No extra dimensions, no boundaries, nothing special in the stress-energy tensor, mute on the subject of entropy (which in any case should be thought about in comparison with the huuuuuuuge entropy from the expanding space. Expansion is after all the focus of the topic paper, and so it's rather distant from anti-de Sitter ideas).

[btilly]

This is officially above my paygrade.

I just know the basic argument that if black holes are simple, then going from a complex thermodynamic arrangement without a black hole to one with a black hole would represent a spontaneous reduction in entropy. And therefore theories where black holes have a lot of entropy are of interest. While this was originally an argument for string theory, it can be used to argue for other theories as well.

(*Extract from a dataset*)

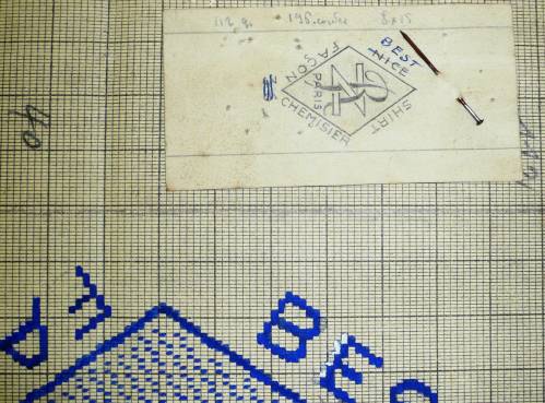 Dessin de mise en carte pour ruban jacquard comportant, en gris, orange et bleu sur fond blanc, l’inscription sur sept lignes dans et autour d’un cartouche en forme de losange : “BEST; SHIRT; FACON; CHEMISIER; R; Z; PARIS”.
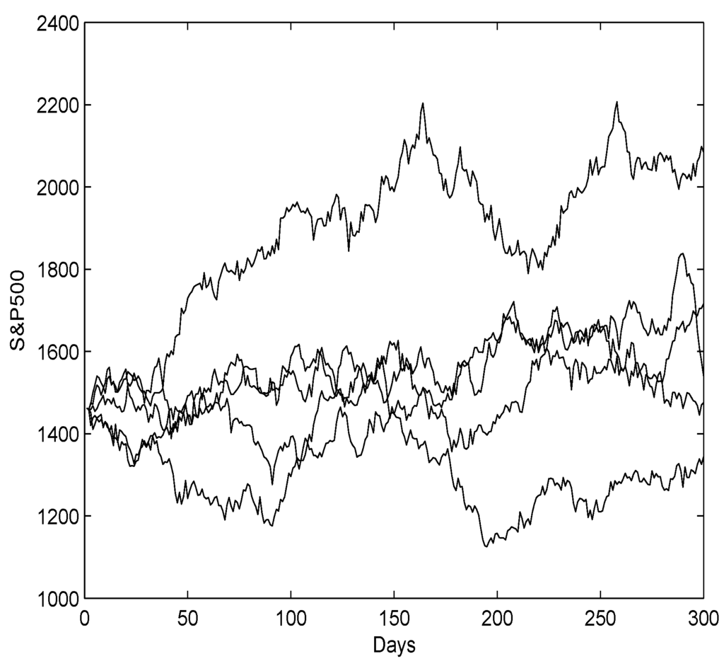 It can be seen that this model is a local volatility model, but, different from most well known local volatility models which aim to replicate the implied volatility surface only, our model replicates both the drift term and volatility term through real data calibration using the technique of local polynomial regression. Our model is also different from most of the SV models, such as [7], in that the volatility term is a special function of the return. We believe that general linear regression is incapable, if not impossible, of achieving such a model. Figure 14 shows some sample paths of this ARCH model.

I can't opine on your wild guess that how much hair their model of a not-quite black hole is depends on the embedding. But if it is true, I would expect that embeddings that give it a lot of hair are going to be of more interest than the ones that give it no hair exactly for the thermodynamic reason that I gave.

[smath]

You mention point mass. Yes, the volume also matters. If your second black box contains the same mass but over a bigger volume, then the spacetime curvature it will cause will be less extreme than the black hole in the first box. The book I most like on this topic is Kip Thorne's Black Holes and Time Warps. IMO Thorne is a better explainer than Hawking.

[andrewflnr]

I'm pretty sure by the time you're outside the box, assuming it's the same size for both, you can't tell anymore. I'm quite confident this is the case for classical gravity and a spherically symmetric "box", and I don't think tides or relativistic corrections are noticeably different far away from the horizon. (Yeah, you'll feel the black hole's tides, but stars have tides too.)

[aqfamnzc]

I'm not a relativity expert, but couldn't you tell the difference between a point mass (or just significantly smaller volume) and a star in this black box scenario? At a great distance, they would appear the same gravitationally, but as you get closer, the star would appear less massive. Since more mass would be pulling on you at an angle, rather than directly toward the center.

[andrewflnr]

Definitely not for classical gravity. https://en.wikipedia.org/wiki/Shell_theorem Point 1 there says that the physical extent of the mass doesn't matter for a spherically symmetric object, to which a star is close enough.

[JumpCrisscross]

> more mass would be pulling on you at an angle, rather than directly toward the center

Is this true? I don’t think a faraway object accelerates faster than a near one.

[ianred]

Are we talking about the volume of the event horizon? If I understood it correctly, the total of the mass of a black hole is in its singularity. The volume of the event horizon will depend on the total mass of the black hole.

[smath]

Oh I just mean when comparing (A) block hole in a black box, vs (B) a non-black-hole start of the same mass, B will likely be over a large volume, and hence will produce different spacetime curvature.

[fsakura]

Why do you think the black box with the black hole will gain mass over time?

AFAIK:

On the contrary it will lose mass over time due to Hawking Radiation and evaporate eventually (though that might take literally forever).

Also spacetime curvature will be slightly different for point mass vs distributed mass.

[andrewflnr]

Because of the ideas in the article?